Warning, difference between x64 Interpreter and Dynarec in 0x1700185f0 (8b 13 89 d0 89 55 fc c1)
Warning, difference between x64 Interpreter and Dynarec in 0x170018668 (8b 13 89 d0 89 55 fc c1)
Warning, difference between x64 Interpreter and Dynarec in 0x17002185e (8b 43 08 85 c0 7f 3b 83)
Warning, difference between x64 Interpreter and Dynarec in 0x17002865d (0f 94 c3 84 db 74 cc 48)
Warning, difference between x64 Interpreter and Dynarec in 0x170030465 (41 8b 36 89 f3 c1 fb 10)
Warning, difference between x64 Interpreter and Dynarec in 0x1700366ad (87 03 31 c9 4c 89 e2 e8)
Warning, difference between x64 Interpreter and Dynarec in 0x170036796 (87 03 45 31 e4 e9 6f ff)
Warning, difference between x64 Interpreter and Dynarec in 0x170036919 (87 07 eb d3 0f 1f 00 48)
Warning, difference between x64 Interpreter and Dynarec in 0x170036a11 (87 02 48 83 c4 38 5b 5d)
Warning, difference between x64 Interpreter and Dynarec in 0x18001d1b7 (75 e7 48 8d 0d e0 1a 83)
Warning, difference between x64 Interpreter and Dynarec in 0x180356f46 (8b 51 08 4c 8b c9 bb 01)
Warning, difference between x64 Interpreter and Dynarec in 0x1803614cc (0f 94 c1 48 89 44 24 20)
Warning, difference between x64 Interpreter and Dynarec in 0x1804d0b97 (75 e7 ff cf 85 ff 0f 8f)
Warning, difference between x64 Interpreter and Dynarec in 0x1806b4fb2 (75 ec 49 8b c0 48 83 c4)
Warning, difference between x64 Interpreter and Dynarec in 0x1806b5039 (75 e6 48 83 c4 30 5b c3)
Warning, difference between x64 Interpreter and Dynarec in 0x1806b5252 (75 ed 48 89 5f 40 48 8b)
Warning, difference between x64 Interpreter and Dynarec in 0x1806b5302 (75 cc 4d 89 50 08 49 8b)
Warning, difference between x64 Interpreter and Dynarec in 0x1806b7764 (8b b7 c0 00 00 00 8b 87)
Warning, difference between x64 Interpreter and Dynarec in 0x180d66bc7 (75 e7 44 89 87 c0 00 00)
Warning, difference between x64 Interpreter and Dynarec in 0x2207e454 (0f 94 c0 3c 01 75 d6 e9)
Warning, difference between x64 Interpreter and Dynarec in 0x22080b1d (0f 94 c0 48 89 54 24 08)
Warning, difference between x64 Interpreter and Dynarec in 0x2209f6f4 (c4 e2 6d 8c 01 c4 e2 7d)
Warning, difference between x64 Interpreter and Dynarec in 0x30110080 (cc 53 43 00 00 00 00 00)
Warning, difference between x64 Interpreter and Dynarec in 0x3f0002f90b (83 78 08 01 7e 15 4b 8b)
Warning, difference between x64 Interpreter and Dynarec in 0x3f0002fff0 (87 30 e9 d6 fd ff ff 66)
Warning, difference between x64 Interpreter and Dynarec in 0x3f0003023d (44 8b 32 80 bd 88 f4 ff)
Warning, difference between x64 Interpreter and Dynarec in 0x3f00031731 (8b 40 08 59 5e 83 f8 01)
Warning, difference between x64 Interpreter and Dynarec in 0x3f0003222e (8b 40 08 83 f8 01 74 5a)

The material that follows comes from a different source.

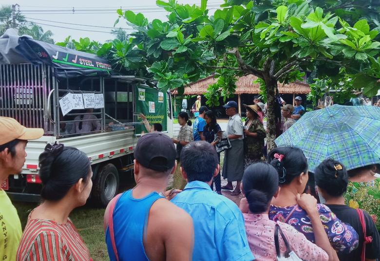 ထိုသို့ရောင်းချပေးရာတွင် ဒေသခံပြည်သူများ အဆင်ပြေစွာ ဝယ်ယူစားသုံးနိုင်ရေးအတွက် ဧည့်မထတစ်ပြည်လျှင် ငွေကျပ် ၁၀၀၀ နှုန်းဖြင့် ဆန်ငါးပြည်တစ်အိတ်ကို ငွေကျပ် ၅၀၀၀ ကျပ်နှုန်းဖြင့် ဆန်အိတ် (၇၅)အိတ်အား လည်းကောင်း၊ ပေါ်ဆန်းတစ်ပြည်လျှင် ငွေကျပ် ၁၇၀၀ နှုန်းဖြင့် ဆန်ငါးပြည်တစ်အိတ်ကို ငွေကျပ် ၈၅၀၀ ဖြင့် ဆန်အိတ် (၇၅)အိတ်အား လည်းကောင်း၊ ဆီငါးဆယ်သားတစ်ဘူးလျှင် ငွေကျပ် ၂၉၀၀ ဖြင့် ဆီ(၄၀၀)ဘူးအား လည်းကောင်း၊ ကြက်ဥတစ်လုံးလျှင် ၁၇၀ ကျပ်ဖြင့် ကြက်ဥဆယ်လုံးကဒ် (၅၀)ကဒ်တို့အား လည်းကောင်း လာရောက်ရောင်းချပေးသည်။

Warning, difference between x64 Interpreter and Dynarec in 0x3f00066c32 (87 03 85 c0 0f 85 cc 00)
I checked some of them and couldn't find anything that shouldn't work when comparing the code the dynarec produced to the original instructions.
Did you tried to run VRChat with `BOX64_DYNAREC_NATIVEFLAGS=0`` ?

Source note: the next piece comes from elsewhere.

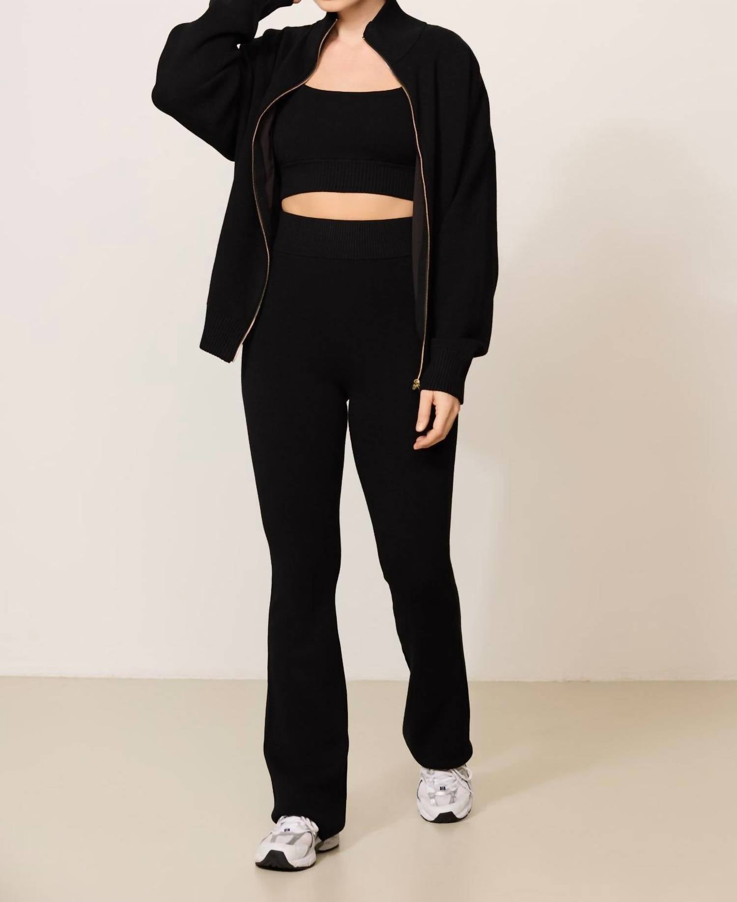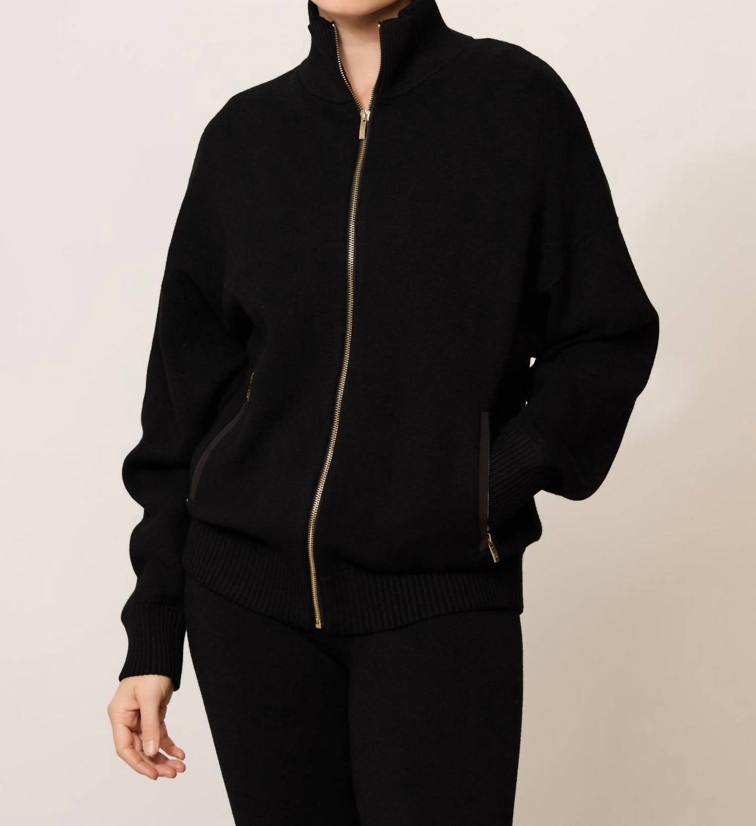 Introducing the Olly Bomber Jacket by LUNE ACTIVE in sleek black for a chic yet cozy addition to your wardrobe. This long-sleeve jacket is crafted from an eco-conscious blend of 78% ECOVERO™ Viscose and 22% Polyamide, ensuring a soft touch and sustainable choice. Garment length measures at 62.5 cm, with a chest width of 57 cm and sleeve length of 51 cm, resulting in an oversized, loose fit. Made in Turkey, this stylish piece features a full zip closure, ribbed cuffs, and zipped pockets, with easy maintenance through machine washing.

Just tried it again to be sure, didn't help.
I just did a quick test with 067cf75c, and it works on that version, so this seems to be a regression. The bad commit seems to be a450b9d12f99df13adcae4a570aeb780964d43b2. Reverting that commit fixes it.
@Coreforge is this still an issue with the latest Box64 and Wine/Proton?
Runs fine with on the current version of Box64 and VRChat. I didn't have the most up to date Proton (was on Proton 9), but I don't think that should affect it much. I also only tried desktop mode, but I don't expect VR to be an issue if desktop works correctly.
Just for completeness' sake, options I used were
BOX64_DYNAREC_STRONGMEM=1
BOX64_DYNAREC_BIGBLOCK=3
BOX64_DYNAREC_SAFEFLAGS=0
BOX64_DYNAREC_CALLRET=1
I'm also only running it in offline testing mode, as EAC does not work (which isn't surprising though).